Recorded data Block Start
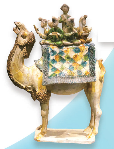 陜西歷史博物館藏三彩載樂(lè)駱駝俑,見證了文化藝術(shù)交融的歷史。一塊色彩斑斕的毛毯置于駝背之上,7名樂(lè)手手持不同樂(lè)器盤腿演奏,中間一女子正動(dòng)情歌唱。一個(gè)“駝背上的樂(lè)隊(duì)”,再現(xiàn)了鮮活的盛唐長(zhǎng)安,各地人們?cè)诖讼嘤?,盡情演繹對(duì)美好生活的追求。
Recorded data Block End
Recorded data Block Start
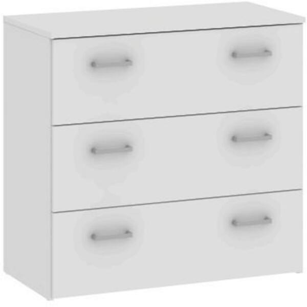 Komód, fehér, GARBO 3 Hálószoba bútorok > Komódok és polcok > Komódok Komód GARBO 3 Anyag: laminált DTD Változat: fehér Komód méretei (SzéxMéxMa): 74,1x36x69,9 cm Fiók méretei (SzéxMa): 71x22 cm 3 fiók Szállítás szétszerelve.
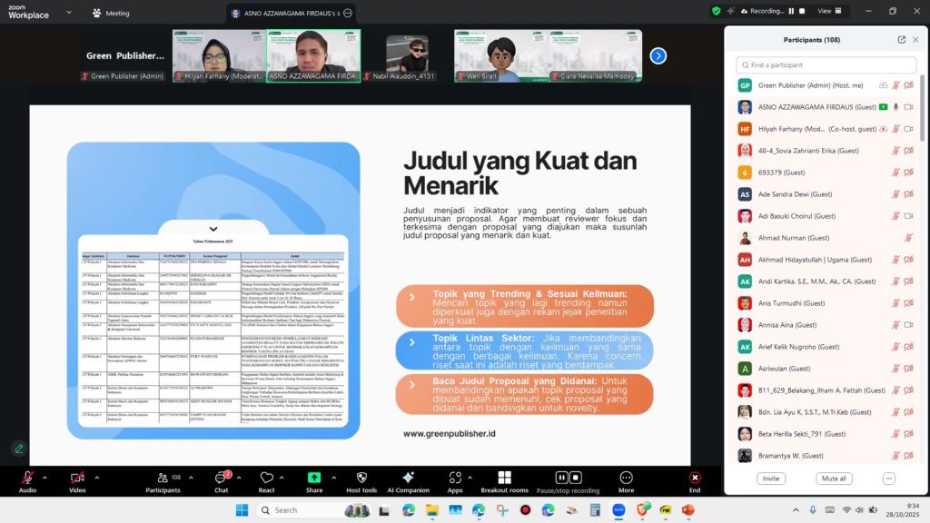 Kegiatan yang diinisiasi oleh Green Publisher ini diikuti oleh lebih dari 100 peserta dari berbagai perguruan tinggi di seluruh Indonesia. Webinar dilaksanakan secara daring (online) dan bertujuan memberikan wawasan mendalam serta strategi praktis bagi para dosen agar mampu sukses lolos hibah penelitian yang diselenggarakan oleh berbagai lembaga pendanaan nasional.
Recorded data Block End
Recorded data Block Start
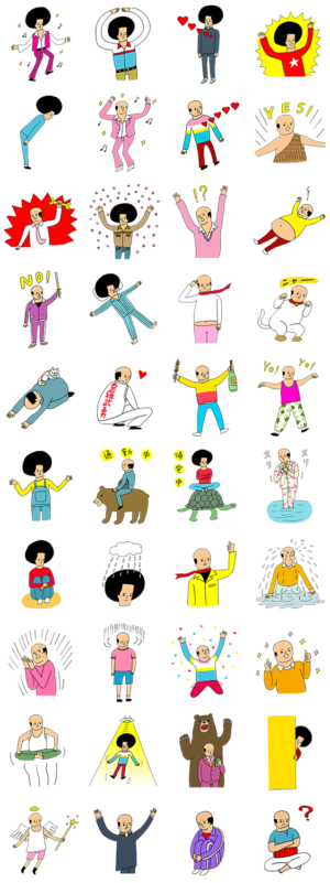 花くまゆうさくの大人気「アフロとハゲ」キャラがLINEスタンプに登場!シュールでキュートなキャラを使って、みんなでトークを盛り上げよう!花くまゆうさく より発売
Recorded data Block End
Give again the stretch of the entries above that begins at the line with "Komód, fehér, GARBO" and ends at the line with "Kegiatan yang diinisiasi", word for word, with no pictures.

 Komód, fehér, GARBO 3 Hálószoba bútorok > Komódok és polcok > Komódok Komód GARBO 3 Anyag: laminált DTD Változat: fehér Komód méretei (SzéxMéxMa): 74,1x36x69,9 cm Fiók méretei (SzéxMa): 71x22 cm 3 fiók Szállítás szétszerelve.
 Kegiatan yang diinisiasi oleh Green Publisher ini diikuti oleh lebih dari 100 peserta dari berbagai perguruan tinggi di seluruh Indonesia. Webinar dilaksanakan secara daring (online) dan bertujuan memberikan wawasan mendalam serta strategi praktis bagi para dosen agar mampu sukses lolos hibah penelitian yang diselenggarakan oleh berbagai lembaga pendanaan nasional.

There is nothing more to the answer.